Table 5 shows the correlation coefficients between students` performance in visualization tool groups (2, 3) and their evaluation of the benefits of using visualization tools. These results show a strong positive relationship between the performance of students and their evaluation of the benefits of using visualization tools.
We have described a visualization tool that we developed for helping students to learn artificial intelligence searching algorithms. Common difficulties experienced by students in studying searching algorithms were identified and the algorithm visualization tool was designed to help with these difficulties. The tool operates in single step mode, back step mode and all steps mode. Single step mode facilitates the learning of the individual steps of the algorithm. The all steps mode facilitates learning of the qualitative behavior and comparison of algorithms, while the back step mode undo the steps already done by the student. Furthermore, we conducted an evaluation study of the tool.

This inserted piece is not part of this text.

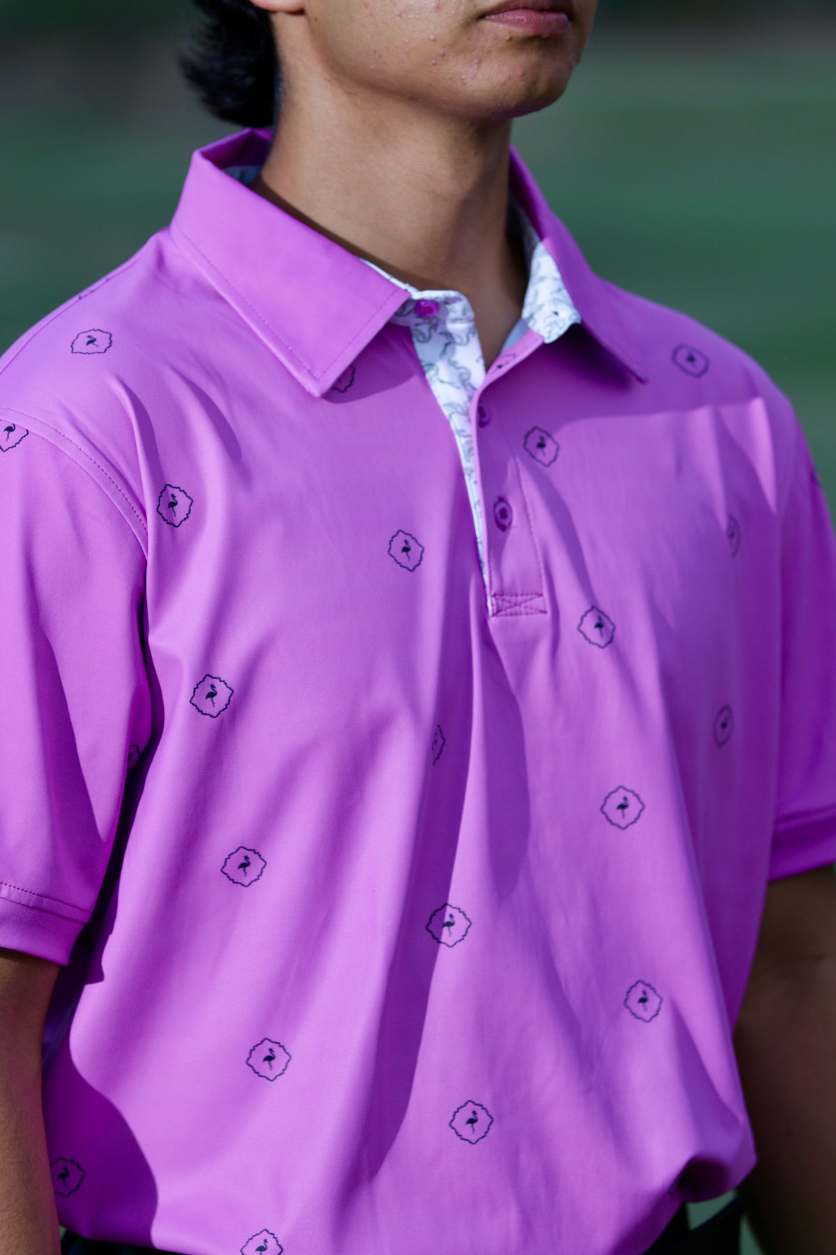 Stand out on the course with this vibrant Pink Flamingo Golf Polo. Designed with lightweight, breathable fabric for all-day comfort, it combines performance and style. Featuring a playful Flamingo Alamo design in a modern athletic fit, this polo keeps you cool and confident from the first tee to the last putt.

The results of this study suggest that algorithm visualization tools can enhance the student understanding in AI searching algorithms. The tool can be effective only under the supervision of a human instructor. The study also shows that the performance level of students (males and females) in the new version of the visualization tool is improved more than the performance level of students (males and females) in the old version of the tool.
Also, the study has shown that gender is not factors affecting the use of visualization tools. Finally, the results suggest that the performance of students taught using visualization tools is strongly related to their evaluation of the benefits of using the visualization tools.
Further research is needed in the possible use of other visualization tools, because visualization proved to be an effective tool for aiding students in their study at the university level.